The NF-kB pathway Flashcards
which pathway alls the cell/organism to respond to environmental threats
NF-kB, p53 and HIF
what are the environmental changes that sets off the p53, NF-kB and HIF pathway
DNA damage, Infection, Hypoxia and physical stress
what pathway is set off by p53
DNA damage
what pathway is set off by NF-kB
Infection
what pathway is set off by HIF
Hypoxia
what are the cellular responses to these pathways
Gene expression, repair, programmed death and immune response
what is NF-kB
Nuclear factor of the kappa immunoglobulin light chain in B cells
what is the function Rel homology Domain (RHD)

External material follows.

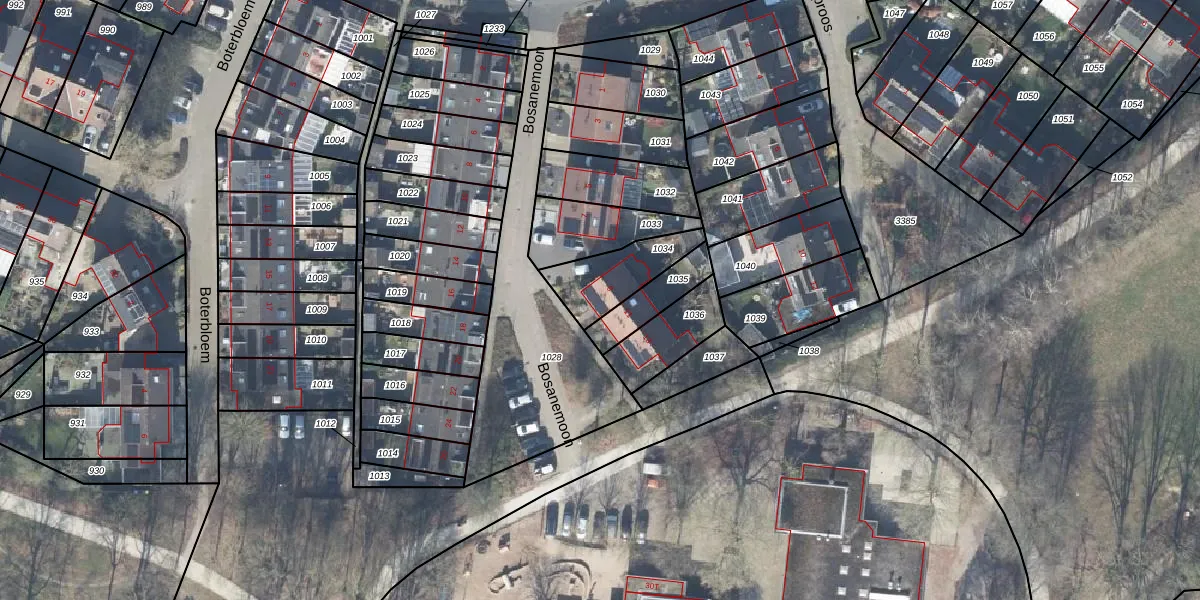 Gebruik de zoekbalk of klik op een perceel voor informatie over de adressen binnen dit perceel.
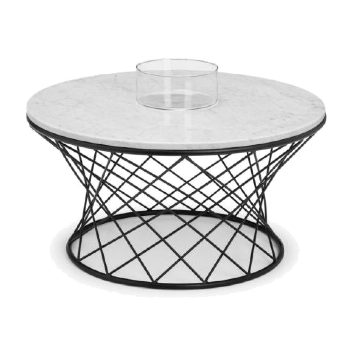 Refresh your living room with the Trevi Coffee Table. Finished with a real white marble top, and a distinctive black wire metal base, this hardwearing design offers a unique, modern look suitable for a range of decor. Each top is slightly different due to the marbles unique nature, giving every coffee table an individual character.  Dimensions: 80cm (D) x 80cm (W) x 43cm (H)Assembly required.

encodes the DNA binding and dimerisation functions of NF-kB
what are the proteins proteolytically processed from the precursors p105 and p100
p50 and p52
T/F p105 is inducibly activated into p50
false it is generally constitutive where as p100 is inducible
NF-kB needs to _ to bind to DNA
dimerise
how can p100 and p105 function as a IkB-like inhibitor
contain ankyrin repeats in their C-termini
what are the non conserved transcriptional activation domain
TA1/TA2, TAD, SD1, SDII
what is a E3 ubiquitin ligase
a protein that facilitates the attachment of ubiquitin chains to a target protein
what is ubiquination
Ub is conjugated to proteins that are destined for degradation by an ATP-dependent process that involves three enzymes
how is a protein ubiquiniation started
- a chain of 5 Ub molecules attached to the protein substrate is sufficient for the complex to be recognised by the 26S proteasome
when 26S proteasome attaches to the protein, what happens next
after ATP dependent reactions occurs, Ub is removed and the protein is linearised and injected into the central core of the proteasome where it is digested to peptide
what happens to digested proteins after degradation from Ub
The peptides are degraded to amino acids by peptidases in the cytoplasm or used in antigen presentation
NF-kB is induced by
Inflammatory cytokines,
Bacterial products,
Viral proteins & infection, DNA-damage, Cell Stress
NF-kB regulates
The immune and inflammatory responses, Stress responses, Cell survival and cell death, Cell adhesion, Proliferation
how are they induced and how do they regulate all these things
This is accomplished through the
regulation of 100’s (possibly 1000’s) of NF-
κB gene targets - but not all at the same
time, in the same way in all cell types
what are the specific stimuli which binds to the ligand receptors on the cell
ionising radiation, cytokines - inflammatory cytokines tumour necrosis factor a (TNFa) and interleukin 1 (IL-1), growth factors, bacterial lipopolysaccharide (LPS) and hypoxia
when not induced, what is NF-kB form in the cell
in-active cytoplasmic complex, bound to its inhibitor protein IkB
upon cellular stimulation, IkB becomes _
phosphorylated which in most cases results in its ubiquinitnation and degradation from 26S proteasome.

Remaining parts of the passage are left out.